Teachers’ Resource Kit
The Canada Aviation Museum’s mission is to increase appreciation of Canada’s aviation heritage, demonstrate the vital role that aviation has played in the lives of Canadians, and illustrate the significance of aviation in the growth and prosperity of the country.

In the online exhibition Brushstrokes and Wingtips: Painting Canada’s Skies, we use the Museum's collection of aviation art to achieve this mission by linking art—a non-verbal means of expressing ideas—with Canada’s social and technological history. The exhibition has four sections: Stories, Paintings, Game, and Teachers. The Stories and Game sections are aimed specifically at students in grades 6 to 8 (Quebec: primary 6 and secondary 1 and 2). The Teachers section is aimed at their educators.

In the Stories section, the events depicted in the paintings are interpreted through the eyes of a grandfather and grandmother, as they explain to their two grandchildren how aviation has evolved in Canada. The characters describe momentous events in Canada’s early aviation history, using images from the Museum’s art collection and, to a lesser degree, its archival photograph collection. The narrative uses art as a medium to present the Stories in a creative and evocative manner, prompting visitors to look at aviation from a different and non-traditional perspective.


The Teachers’ Resource Kit includes four activities for students in grades 6 to 8 (Quebec: primary 6 and secondary 1 and 2) studying Science, History, Art, Language Arts, and Drama. Each activity complements the Stories section in the exhibition, and provides subject and cross-curriculum links for each province and territory in Canada.

A set of short-answer questions for each of the Stories, designed to test listening and reading comprehension, is also included.

Technical Requirements

To participate fully in the activities offered, students must have access to computers and the Internet, either at home or in a computer lab. Most activities can be printed and completed in a classroom setting. Having Adobe Flash Player installed on the computers will significantly enhance the students’ experience.

Curriculum Links

As the curriculum across Canada varies widely, the provincial and territorial strands and curriculum links are referenced at the start of each activity. In addition, each activity provides cross-curricular links to encourage a multidisciplinary approach to the exhibition.
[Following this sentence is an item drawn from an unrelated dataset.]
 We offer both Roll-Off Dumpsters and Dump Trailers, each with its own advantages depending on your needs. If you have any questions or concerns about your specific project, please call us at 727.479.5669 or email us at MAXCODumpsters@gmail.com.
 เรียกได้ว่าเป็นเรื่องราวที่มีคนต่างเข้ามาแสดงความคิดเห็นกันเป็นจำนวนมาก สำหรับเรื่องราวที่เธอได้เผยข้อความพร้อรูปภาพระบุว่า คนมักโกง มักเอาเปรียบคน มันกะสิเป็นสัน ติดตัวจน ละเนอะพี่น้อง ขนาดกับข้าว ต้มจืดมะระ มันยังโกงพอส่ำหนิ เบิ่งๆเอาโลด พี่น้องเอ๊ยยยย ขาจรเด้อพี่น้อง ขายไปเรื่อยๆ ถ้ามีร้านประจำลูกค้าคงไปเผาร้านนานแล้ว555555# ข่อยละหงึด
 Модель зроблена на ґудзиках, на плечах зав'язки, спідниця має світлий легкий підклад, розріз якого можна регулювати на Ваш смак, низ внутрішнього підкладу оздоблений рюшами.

Before assigning the activities, it is important that you and the students are familiar with the Brushstrokes and Wingtips exhibition.
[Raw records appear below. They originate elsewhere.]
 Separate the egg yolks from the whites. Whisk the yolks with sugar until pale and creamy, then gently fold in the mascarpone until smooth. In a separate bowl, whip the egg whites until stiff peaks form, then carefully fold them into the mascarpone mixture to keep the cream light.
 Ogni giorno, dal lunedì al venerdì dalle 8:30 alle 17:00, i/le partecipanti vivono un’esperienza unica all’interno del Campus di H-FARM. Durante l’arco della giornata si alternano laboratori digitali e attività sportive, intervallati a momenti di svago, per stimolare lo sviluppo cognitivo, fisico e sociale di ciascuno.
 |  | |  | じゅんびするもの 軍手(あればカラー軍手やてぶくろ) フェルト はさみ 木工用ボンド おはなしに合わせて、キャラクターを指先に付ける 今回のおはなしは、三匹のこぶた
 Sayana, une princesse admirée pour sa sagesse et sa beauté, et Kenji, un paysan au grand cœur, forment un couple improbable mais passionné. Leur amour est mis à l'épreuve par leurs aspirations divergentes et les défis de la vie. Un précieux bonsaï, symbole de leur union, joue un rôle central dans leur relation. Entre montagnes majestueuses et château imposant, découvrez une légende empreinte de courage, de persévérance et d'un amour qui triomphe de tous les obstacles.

We recommend the following preparatory steps:
  1. Before meeting with students, book a computer lab and familiarize yourself with the site; ensure the lab has Adobe Flash Player installed—if this is not possible, please use the HTML options. Each of the four sections of the exhibition—Stories, Paintings, Game, and Teachers—can be accessed by using the menu on the left-hand side of the screen.
    1. Visit each section:
      1. The Stories section comprises four animated narratives, featuring grandparents Nana and Poppa discussing the history of aviation with their grandchildren Claire and Mark. To enhance understanding of the events covered, each story includes photographs and paintings from the Museum’s collection.
      2. The Paintings section features works of art from the Museum’s collection and, in some cases, photographs related to a particular painting. Certain paintings have a special Explore! link, whereby an interactive menu leads to some or all of the Who? What? and Where? questions the work might prompt, as well as a snapshot of What Else Was Going On? during the period it represents.
      3. The Game section offers an engaging activity to give visitors further insight into the challenges faced by Canadian bush pilots. Please note: this activity is in HTML format only.
      4. The Teachers section contains four activities and a set of short-answer questions to test listening and reading comprehension.
  2. In class, divide students into groups of two or three, and ask them to explore the site. Provide a list of specific paintings to find and view, and assign one of the four stories to listen to and read. Short-answer questions on each story may be printed from the Teachers section and handed out to students.